Going anywhere with kids is like playing a twisted game of Russian Roulette. When you pull the trigger and leave the house you could end up with a scenario of a gentle adrenaline letdown with an anticlimactic outing or you could experience the unfortunate proverbial bullet.
Church is one of those destinations that seems to trigger the bullets. A scenario where large groups of people gather and there are expectations for appropriate behavior easily lends itself to becoming problematic. A recent attempt at attending church with my crew came with a hail of bullets.
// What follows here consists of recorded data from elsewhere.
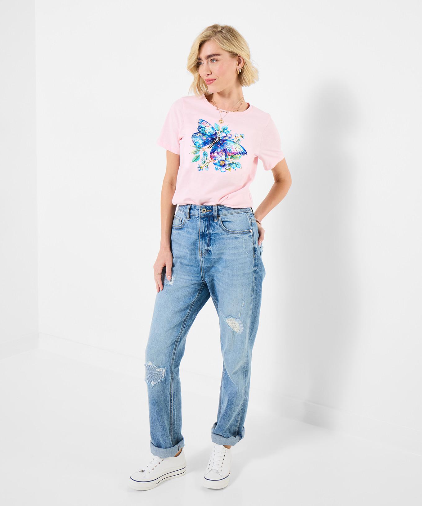 Dieses T-Shirt mit Schmetterlingsmotiv wertet Ihre Alltagsoutfits für den Sommer auf.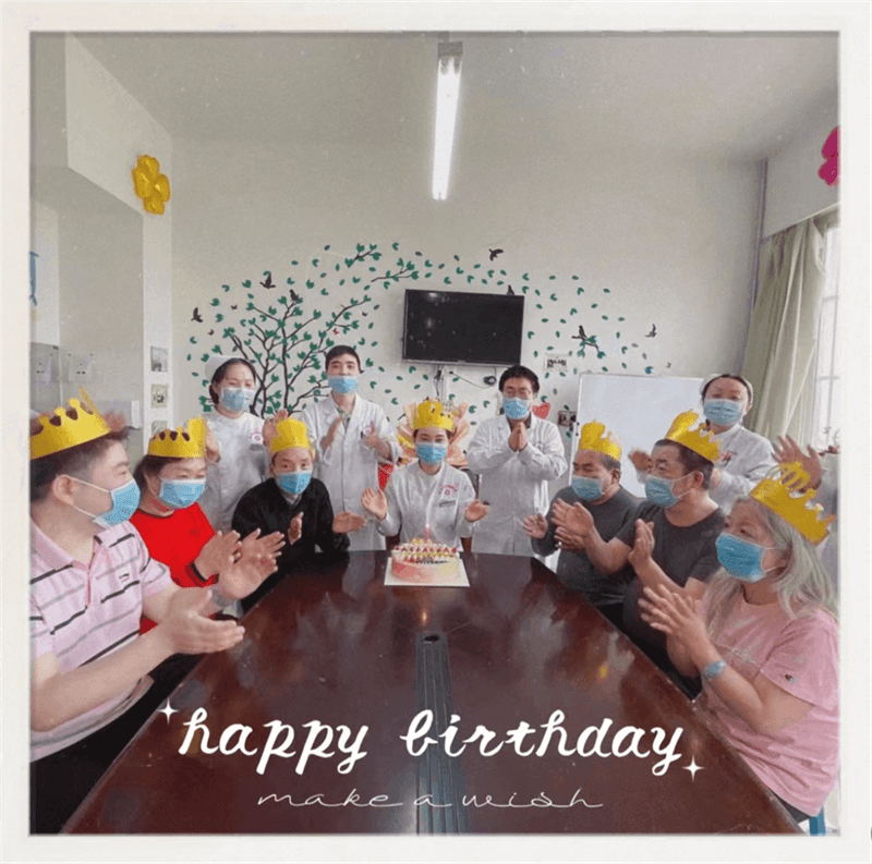 在这个特殊的日子里,刘哲副主任、护士长薛娜、赵静以及科室的医护人员共同为五月出生的住院患者集体过生日,来庆祝这个神圣的节日。在“祝你生日快乐”的歌声中,医护人员为患者戴上生日帽,点燃生日蜡烛,科室医护人员与患者们共同唱起了生日快乐歌曲,送上最真挚的生日祝福,祝愿所有的患者生日快乐,早日康复!希望他们把医护人员当作自己的亲人,医护人员会用自己的双手为患者撑起一片“蓝天”,让他们不再感到孤单和无助,彼此的爱护与支持是最真诚的情感。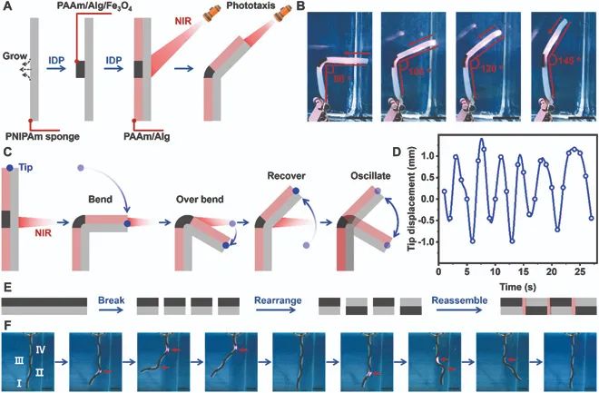 而外层的水凝胶是通过界面扩散聚合(IDP)策略在“海绵”表面被动生长的,它能够很牢固地固定在“海绵”上。这样一来,复合水凝胶能够快速响应外部温度变化,从而快速弯曲变形。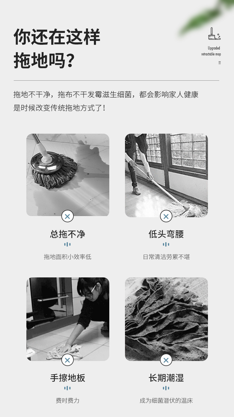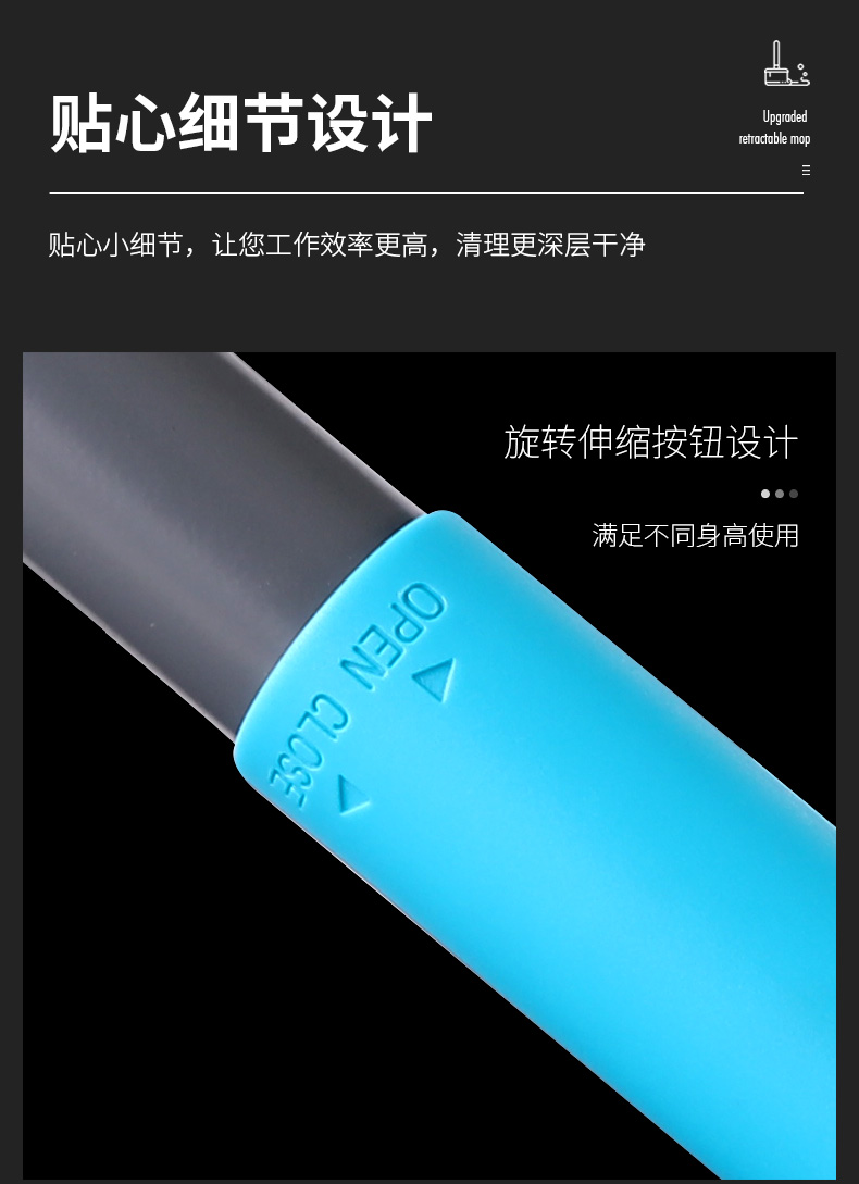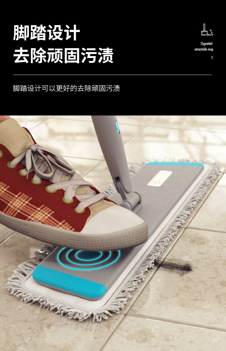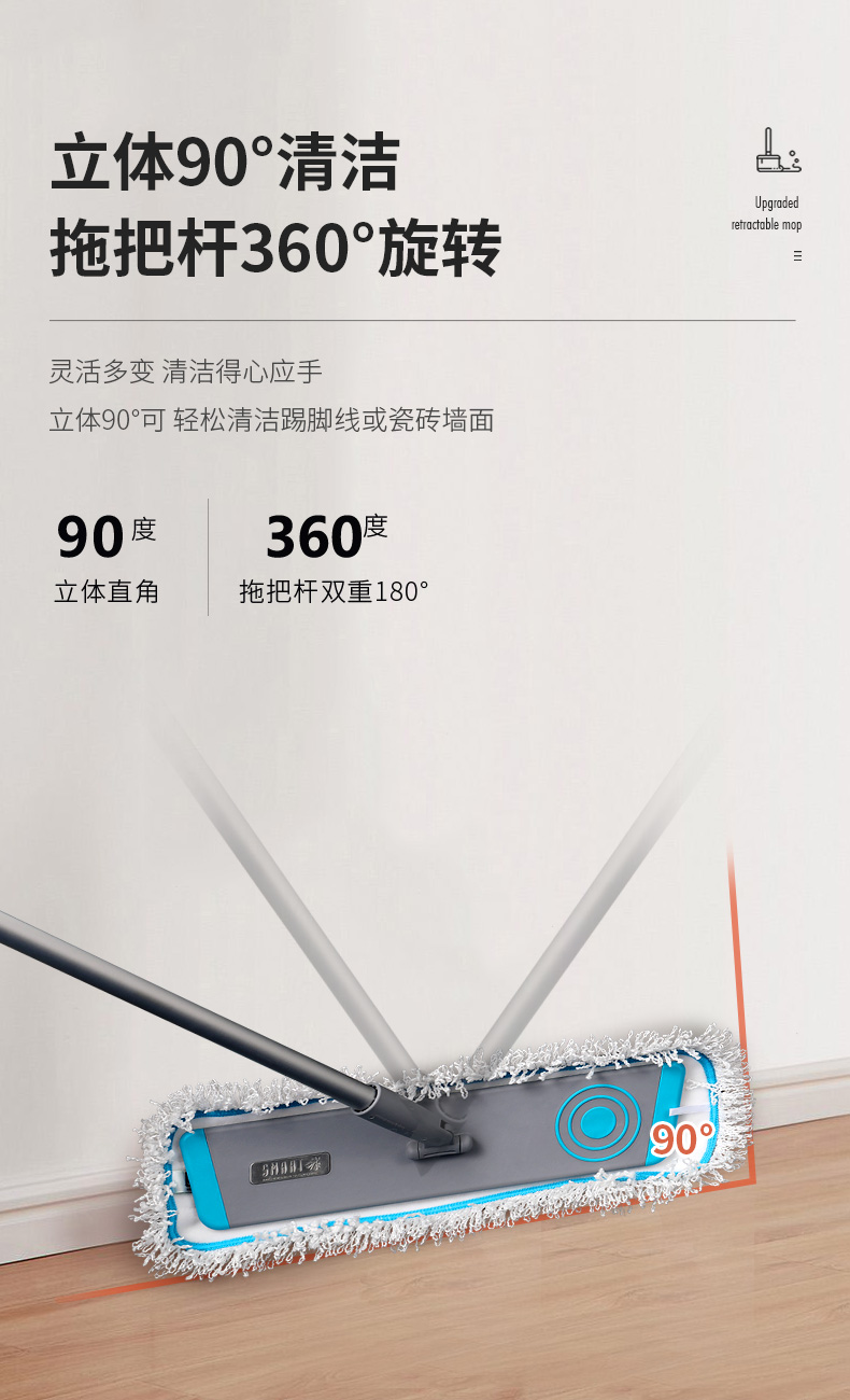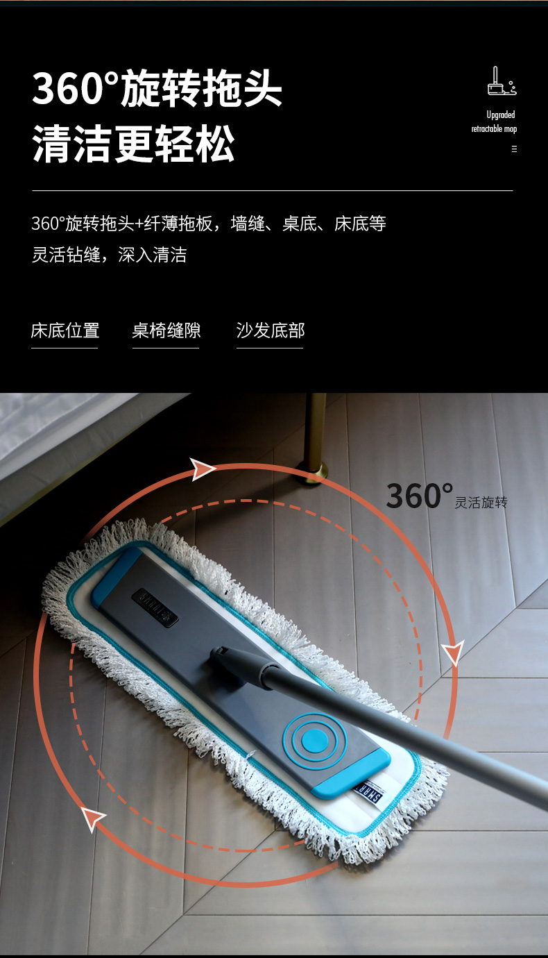 利快平板拖把瑞典进口升级加长铝杆可伸缩大面板地拖50cm墩布

The first bullet, I made this attempt alone. My husband was busy doing man stuff but my kids had their hearts set on church. Donuts and Sunday school are strong motivating factors for my kiddos… and me. Honestly an hour of sitting in church by myself with a hot cup of coffee sounded pretty amazing. So here I am getting the crew ready and out the door. Of course this process is hectic with a 6-year old, 4-year old, and a toddler but this particular morning it felt like the obstacles were abundant and the socks simply could not stay on the damn feet. In true parenting fashion, we were running late.
The second bullet, the drive. I should have taken the drive to church as a sign from God to turn the hell around. The toddler was a screaming demon and was spewing gibberish that sounded like she had suddenly acquired the ability to speak in tongues. The horror started to relent once we pulled into the church parking lot. All of my kids were suddenly giddy with excitement, thank God.
The third bullet, the nursery was full. Now the metaphors for this are endless but the whole “no room at the inn” storyline keeps playing in my head. The toddler nursery was filled to rugrat capacity and my tot was unable to join the crew. Try explaining this development to a not quite 2-year old who can see all the other kids and toys but is not allowed to go beyond the gate. Hellfire has no fiery like a jilted toddler. She screamed, she tantrumed, and she looked at me as if I was the worst human being to have ever been born. Fun times.
The fourth bullet, the Sunday school drop off. The stress of the nursery situation was not lost on my sensitive 4-year old. By the time we got to the preschool room she was over it. Her eyes welled with tears. I was a cheerleader mom and did all I could to help her with the transition. The teacher took over and I walked away with her huge brown eyes desperately calling out to me. Fighting tears myself, I hauled my toddler down the hall.
The fifth bullet, the attempt at attending the service. I entered the chapel toddler in hand. I chose to sit in the back for obvious reasons. I had purse snacks so I naively thought I had a chance at success. Nope. Huge nope. We didn’t make it through the opening prayer before my toddler melted into a loud puddle at my feet. Fruit snacks had been launched at undeserving parishioners and the acoustics amplified the shrieks. I gathered my kid and started to exit. People around me made statements of encouragement but their eyes said, “Please take that screaming mess far, far away.” I muttered “God help me” and the usher said, “Amen”.
The sixth bullet, killing time. I spent the next 40-minutes calming my kid and making unsuccessful attempts to re-enter the service. I eventually gave up, went through the communion line (you know, for the much needed shot of wine), and resolved myself to sitting in the commons area waiting for Sunday school to end so I could collect my kids and exit. This period of time was full of being approached by well intentioned people offering extremely unsolicited advice. For example, it turns out that if I was a better mother my toddler would have the ability to sit quietly through a full service… you know like their kids did in 1926. I am pretty sure that I earned extra God points for not slapping an old lady in church.
Now that I was critically wounded and in need of medical attention (of the chocolate variety) it was finally time to make my exit. I gathered the rest of my wounded and headed to the door. Only feet from the exit I was blocked by a sweet little lady who had just entered the church and had not witnessed the shitshow I had just orchestrated. She smiled and commented on how beautiful my family was. I thanked her but continued my escape. She said, “Thank you for bringing them, come again!” I could accept this comment as encouraging. That I had just rocked the mom thing and that my kids will grow to remember and appreciate the effort. But in reality I had to stifle hysterical, psychotic laughter.
Once the kids were loaded up I crawled into the front seat and took a breath. I realized I was sweating and looked disheveled. There was a stain on my chest that could either had been donut frosting or poop. All I could picture was God looking down and laughing at the chaos. I fully believe we provided some serious heavenly entertainment.
Regardless of religious affiliation I strongly believe this situation easily translates to multiple parenting experiences. Public appearances are unpredictable, just like kids. Stepping out of the house is a gamble and you never know if you’ll come out ahead or if you’ll end up sweaty in a minivan.